[llvm-dev] RFC: Add guard intrinsics to LLVM
Andrew Trick via llvm-dev
llvm-dev at lists.llvm.org
Mon Feb 22 21:40:19 PST 2016
> On Feb 22, 2016, at 11:02 AM, Sanjoy Das <sanjoy at playingwithpointers.com> wrote:
>
> Hi Andy,
>
> Responses inline:
>
> On Mon, Feb 22, 2016 at 10:08 AM, Andrew Trick <atrick at apple.com> wrote:
>>> By memory barrier, do you mean things like fences?
>> That’s right. Conservatively, I would not hoist at the LLVM level past
>> opaque non-readonly calls or fences.
>
> Just for curiosity: why do you care about memory fences specifically?
@trap_on would produce a side effect (crashing), and LLVM needs some
limit on the extent to which side effects are reordered. I don't
particulary care about fences, but if we don't respect them then what
do we respect?

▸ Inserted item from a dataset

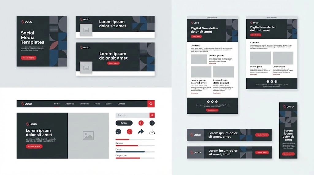 Colour palettes, typography, and visual styles that create consistency everywhere.

Only the front end truly knows the semantics of traps
and other side effects. To me fences are just an initial stand-in at
LLVM level for those code motion boundaries. More precise intrinsics
could be introduced eventually if need to move traps across fences.
I actually see fences as a proxy for potential inter-process
communication and I/O. It's important that any opaque library call
could contain a fence.
For example, you brought up the infinite loop case. In general, to
make an infinite loop externally observable, it needs to read from a
volatile. Doing that would naturally prevent traps from being hoisted
above the loop.
>> I've begun to think that may-unwind (or may fail guard) and readonly
>> should be mutually exclusive. readonly refers to all system memory,
>> not just LLVM-visible memory. To achieve the effect of
>> "aliases-with-nothing-in-llvm" it's cleaner to use alias analysis.
>
> (I've put this on the bug as well:)
>
> https://llvm.org/bugs/show_bug.cgi?id=18912#c3
>
> ```
> (In reply to comment #2)
>> The test case in this bug report is fixed by
>> http://reviews.llvm.org/rL256728.
>>
>> I'm closing this because I don't have a test case and I no longer think it
>> makes much sense to mark may-unwind calls "readonly". An unwind path always
>> touches some memory. That fact that it doesn't alias with LLVM-visible
>
> I'm not sure about this -- why does an unwind path *have* to write
> some memory? Can't you implement unwind as "read the appropriate
> exception handler RPC from a table, and return to that RPC"?
> ```
Just for the record, since the discussion has moved away from “readonly”…
I agree. As I said in the bug though, we should distinguish between
system memory and the memory addresses visible to LLVM. If a
personality function touches memory, the resume/unwind probably should not
be marked readonly even if it doesn't alias with anything in LLVM. That said, I
think the more important issue is whether the unwindable calls can be
reordered. If not, I don't think they should be readonly.
>> memory access can be handled by alias analysis.
>
> Btw, I think in this interpretation it is incorrect for -functionattrs
> to infer readnone for @foo in (which it does today):
>
> define void @foo({ i8*, i32 } %val) personality i8 8 {
> resume { i8*, i32 } %val
> }
From the PR: the -functionattrs behavior looks like a bug to me, strictly speaking
(how can it assume the memory behavior of the personality function?)…
But maybe there’s a good reason for allowing this optimization.